Traditionally, solid tumors are staged by tumor size (T), nodal involvement (N), and the presence of distant metastases (M). However, because most patients with PDAC are not eligible for resection, clinical stage defined by radiographic imaging is more relevant to clinical practice. To better classify tumor resectability, an expert consensus group published their criteria on the resectability of PDAC in 2009.8 These criteria have been well recognized and modified by NCCN (Table 1).9 This article reviews the key trials of neoadjuvant therapy in resectable and borderline resectable (BR) PDAC.

Neoadjuvant Therapy

Rationales of Neoadjuvant Approach

Phase III trials have demonstrated a clear survival benefit with adjuvant chemotherapy.5,7 Multiple studies examined neoadjuvant therapy as an alternative to the traditional adjuvant approach. Neoadjuvant therapy offers patients the opportunity to receive full courses of treatment without potential delays from surgical complications.

Table 1.

Definitions of Resectable and Borderline Resectable Pancreatic Cancer

Table 1.
Systemic therapy early in the disease course (neoadjuvant) may have a better chance of depleting micrometastases, and it helps identify patients with aggressive tumor who are unlikely to benefit from surgery. Additionally, possible tumor shrinkage from neoadjuvant therapy may improve the R0 resection rate in patients with BR PDAC. To date, there have been no phase III trials demonstrating survival benefits from neoadjuvant treatment. However, a large retrospective study evaluated patients with clinical stage I or II resected pancreatic head adenocarcinoma from the National Cancer Database.10 Patients who received neoadjuvant therapy had significantly better survival compared with those who underwent upfront surgery (adjusted hazard ratio [HR], 0.83; 95% CI, 0.73–0.89).

Neoadjuvant Chemoradiotherapy

The rationale of chemoradiotherapy (chemoRT) is to use chemotherapeutic agents as sensitizers to enhance the locoregional effect of radiotherapy (RT). A series of studies at the MD Anderson Cancer Center (MDACC) published in the 1990s demonstrated the feasibility of delivering RT with small doses of 5FU in the neoadjuvant setting.11,12 The phase II French FFCD 9704-SFRO trial used 5FU at 300 mg/m2 on days 1 through 5 for 5 weeks and cisplatin at 20 mg/m2 on days 1 through 5 and 29 through 33 concurrent with RT of 50 Gy.13 Among 41 patients enrolled, 26 (63%) underwent surgery, with an R0 rate of 81%. The median overall survival (mOS) and 2-year survival rates were 9.4 months and 20%, respectively, for all patients, and 11.7 months and 32%, respectively, for resected patients.

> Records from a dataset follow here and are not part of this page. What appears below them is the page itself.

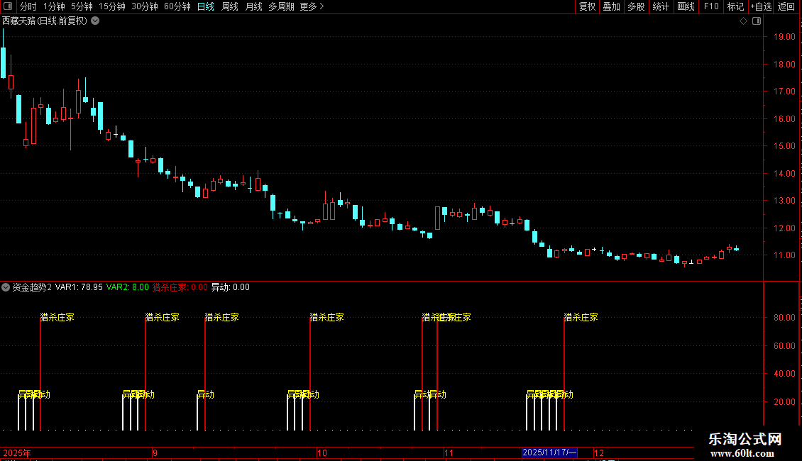 指标通过比较股价在近期高低点区间中的相对位置,构建出两条平滑曲线,用以捕捉短期价格动能的变化。当快线向上突破预设阈值时,视为强势信号,提示“猎杀庄家”;当指标回落至低位区域,则标记为“异动”,暗示市场可能出现异常波动或主力动作。整体策略偏向短线交易,适用于震荡或启动初期的行情识别。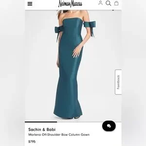 Sachin & Babi Marlena Off-Shoulder Bow Column Gown 6 NWT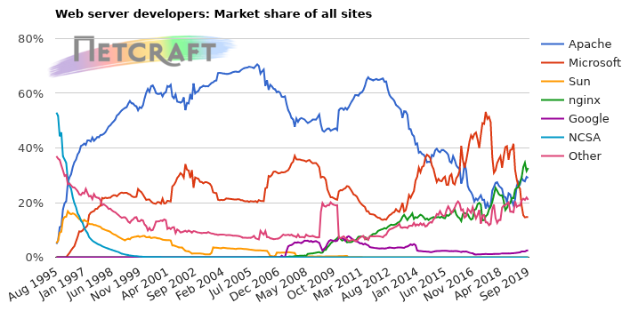 在nginx以前,比较流行的HTTP服务器应属Apache(LAMP中的A就是指的Apache)。但根据netcraft的调查显示,近两年nginx已经超越Apache,成为市场占有率第一的HTTP服务器。如下图

In 1997, Burris et al14 demonstrated a clinical benefit with gemcitabine over 5FU in advanced PDAC, which led to the approval of gemcitabine in PDAC. After this result was published, studies have largely switched from 5FU- to gemcitabine-based regimens. A phase II trial at MDACC used gemcitabine at 400 mg/m2 weekly for 7 weeks with concurrent RT of 30 Gy in 86 patients with resectable or BR disease.15 More than half of patients needed a dose adjustment of gemcitabine, mostly due to hematologic toxicities; 64 patients (74%) underwent resection, and the R0 rate was 89%. The mOS and 5-year survival rate were 22.7 months and 27%, respectively, for the entire cohort, and 34.0 months and 36%, respectively, for the resected patients. In Europe, a German phase II study randomized patients with resectable or BR pancreatic head cancer to upfront surgery versus neoadjuvant chemoRT (gemcitabine, 300 mg/m2 and cisplatin, 30 mg/m2 on days 1, 8, 22, and 29 with concurrent RT of 55.8 or 50.4 Gy) followed by surgery.16 Adjuvant gemcitabine was recommended after the CONKO-001 results were published.17 A total of 66 patients were eligible for data analysis. In the upfront surgery arm, 23 of 33 patients (70%) underwent resection, with 16 (70%) achieving an R0. In the neoadjuvant arm, 29 patients received chemoRT; 19 (58%) underwent resection, with an R0 resection rate of 89%. Neoadjuvant therapy did not increase the rates of high-grade postoperative complications. A total of 10 patients in the surgery arm and 7 in the neoadjuvant arm received adjuvant chemotherapy. The mOS for all and resected patients were numerically longer, favoring the neoadjuvant approach, but this was not statistically significant (surgery vs neoadjuvant: 14.4 vs 17.4 months for all patients; P=.96, and 18.9 vs 25.0 months for resected patients; P=.79). This study showed that preoperative chemoRT was safe and did not increase high-grade postoperative complications, but the sample size was too small to detect a survival advantage. In addition, the doses of gemcitabine and cisplatin used in the chemoRT regimen were too low for systemic control.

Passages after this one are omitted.